Rus nüfuzundan kurtulmaya çalışan Paşinyan için mantıksal çıkış yolu Türkiye. Erdoğan da Paşinyan kadar barışa yakın bir lider bir daha bulamayabilir. Ancak güç dengesi Türkiye sayesinde tamamen Ermenistan’ın aleyhine döndüğü için Aliyev üstenci davranıyor. Bu durum Paşinyan’a manevra alanı bırakmıyor. Ankara’nın “kazan-kazan” söylemine anlam katabilmesi için Bakü’nün tutumuna esneklik kazandırması gerekebilir. Sınırların çizilmesi, Zengezur koridoru ve Karabağ’ın statüsü konusunda taraflar patinaj yapıyor. İran hattının kullanılmasını tercih etse de Zengezur’a onay veren ama bunun koridor olarak ele alınmasına ve araçların kontrolü, vergi kesmek dâhil egemenlik haklarının devrine karşı çıkan Paşinyan da Prag’da tüm bölgesel yollar üzerindeki engellerin kaldırılması önerisini yinelediğini ama olumlu yanıt alamadığını belirtti. 

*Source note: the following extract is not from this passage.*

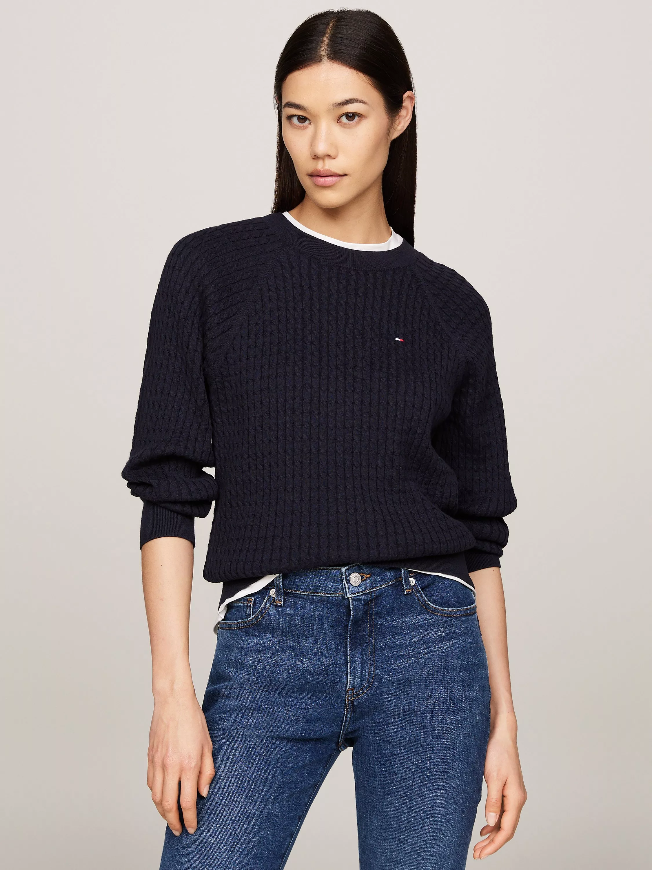 Framed with a sleek crew neck, this jumper by Tommy Hilfiger is stitched together from organic cotton for comfortable wear.

Aliyev’in yaklaşımı Ermenistan’a mutlak bir hezimet vaat etmenin ötesine geçmiyor. Erdoğan’ın Paşinyan’a “Aliyev’in koşullarını kabul et, bizim önkoşulumuz yok” anlamına gelen sözleri sürecin ilerlemesine samimi bir katkı sunmuyor. Erdoğan’ın Erivan’la normalleşme sürecini Azerbaycan-Ermenistan barışıyla paralel götürmek istemesi ve atılacak adımları Bakü’nün rızasına bağlaması, Türkiye’nin bağımsız bir yol haritası çizmesini ya da Güney Kafkasya’da düğümü çözecek bir ağırlık kullanmasını önlüyor. Erdoğan’ın siyaseti Aliyev’in güç kullanma eğilimini güçlendirirken Ermenistan’da da şahinlerin bilenmesine neden oluyor. Aliyev özellikle Karabağ konusunda “Ermenilerin ne statüsü, ne bağımsızlığı, ne de özel ayrıcalıkları olacaktır” diyor. Hatta Ermenilerin eşit vatandaşlar olarak yaşayacaklarını, bunu benimsemeyenlerin çekip gidebileceğini söylüyor. 

Özerklik çağrışımı Erdoğan’da da alerji yaratıyor. Ancak bu çıkmaz bir yol. Şu nokta önemli: Paşinyan statü meselesini önkoşul olmaktan çıkartıp barış anlaşmasından sonraya bırakılması fikrine yakın. Hatta özerklik değil azınlık statüsüne de razı olabilir. Bu esneklik barış için büyük şans. Hâliyle Erdoğan’ın hem Paşinyan’a yardımcı olacak hem de Aliyev’i makul olmaya itecek bir pozisyona geçmesi önem kazanıyor.